Abstract:
The importance of data has risen in the past decade due the evolvement of technological innovation for
user needs. Large scale of real time, rapid changing datasets are being created due to an exceptional evolution of communication networks, social networks and internet of things. The above statement shows
network analysis has become popular and important where this lead to creation of various specialized
graph systems for network analysis. This paved way for many data-parallel frameworks to incorporate
them. However, use of relational databases for network analysis is ignored though most data is still
collected and managed in relational databases.

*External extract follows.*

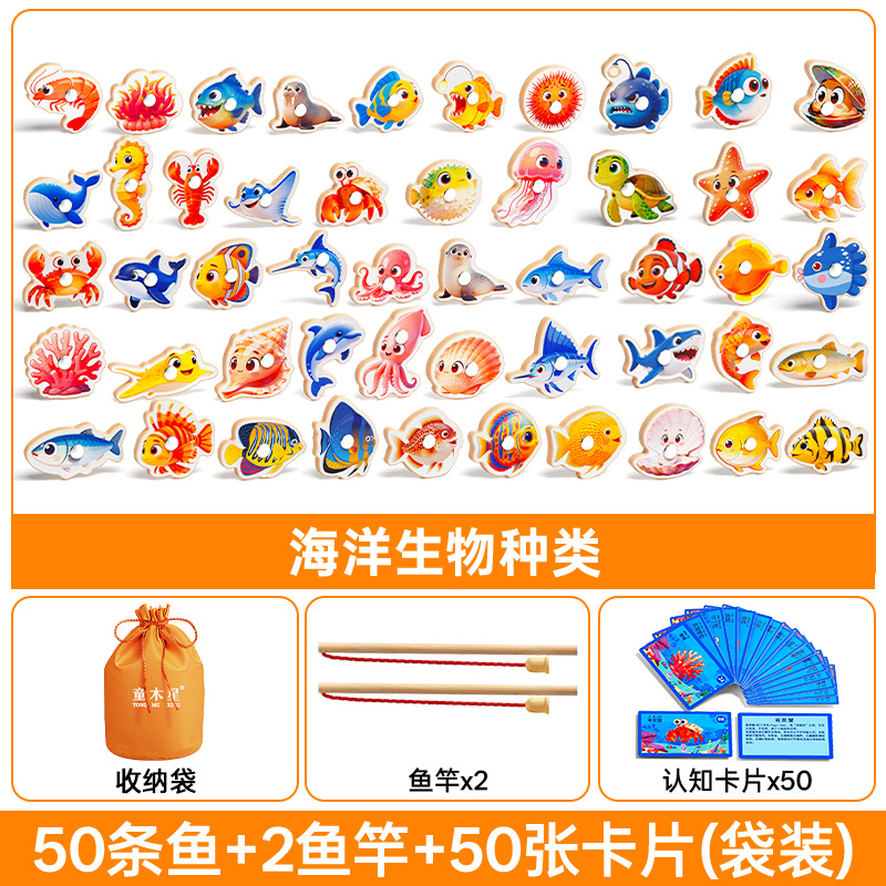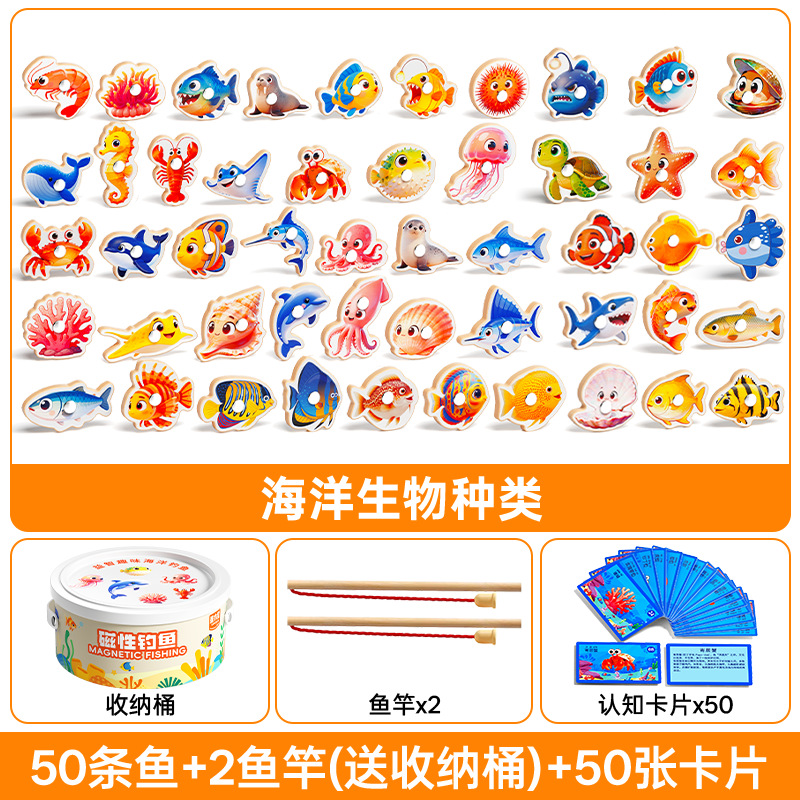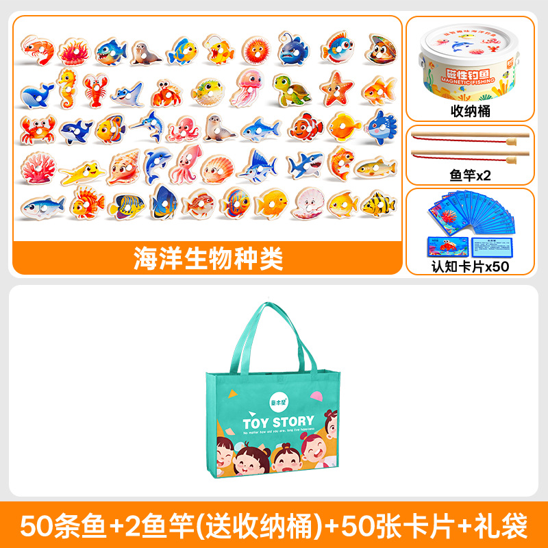 • 【선물 세트】 물고기 50마리 + 낚싯대 2개 + 카드 50장 + 통 포장

This situation of ignoring relational databases raises a question whether relational databases have
limitation for network analytics. The relational model is inefficient for network analysis where it will take
many expensive joins to do a computation. SQL query language also doesn’t support network analysis
operations but relational databases comes with great features, such as integrity constraints, fault tolerance,
query optimization and secure transaction and so on.
This thesis presents an integrated framework for network analytics that consist of a data model that extends
support for relational databases with network analytics. This also presents a query language to manipulate
data for relational and network analytics or a combination of them. Along with that, this integrated
framework also adds a query engine that is built on top of relational database (PostgreSQL) to process queries created with the query language. The testing results prove that query engine and model introduced were able to achieve equivalent or better performance in almost all scenarios.